When my mom's father passed away when she was a child, this would have been about 1936 or 1937, he was also "laid out" in the parlor for 2 days for his wake -- I guess there were no funeral homes in the 1930's? That always has kind of creeped me out thinking about having a wake in your home. After my grandfather died, my grandmother rented out a room in her house to single ladies to bring in extra money.
Fortunately my mom's two older sisters were old enough to work and bring in some money after their dad died. When WWII broke out, my mom's two older sisters went to work for the federal government in Washington DC where jobs were plentiful.
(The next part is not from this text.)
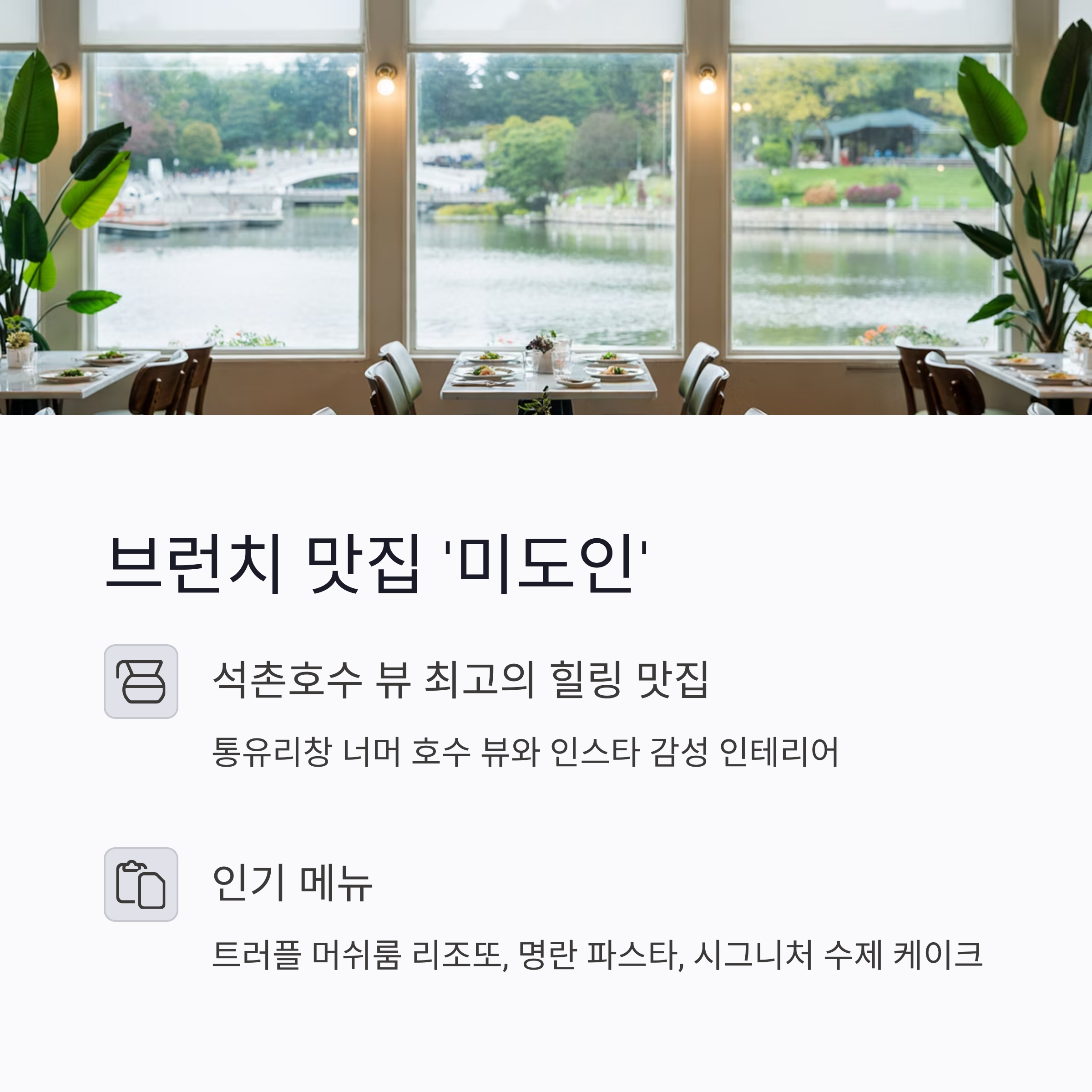 1. 브런치 맛집 '미도인' - 석촌호수 앞 감성 충전 100%

My oldest aunt, Mildred, met her husband in Washington DC, and they married just before he was shipped to Europe during WWII. My mom's second sister, Alice, unfortunately developed kidney failure while living in Washington DC and died at the age of 23. In the early 1940's kidney dialysis was not developed yet, and Alice wasn't even sick for a month before she died of kidney failure. My mom and her mom got to Washington DC on the train from Iowa just 2 days before my Aunt Alice died. Unfortunately my mom also developed renal failure when she turned 64 in 1994, and she spent her last 3 years on kidney dialysis, so I am wondering if kidney disease runs on my mom's side of the family since both my mom and her sister had it. I have given some thought about being a living kidney donor to someone not related to me, but with both my mom and my aunt having kidney disease, I'm not sure if I should do that or not.
Both of my parents were born at home in 1930. I know that home births have caught on somewhat in recent years, but there is no way in he___ that I would choose to have a baby at home. Different strokes for different folks I guess.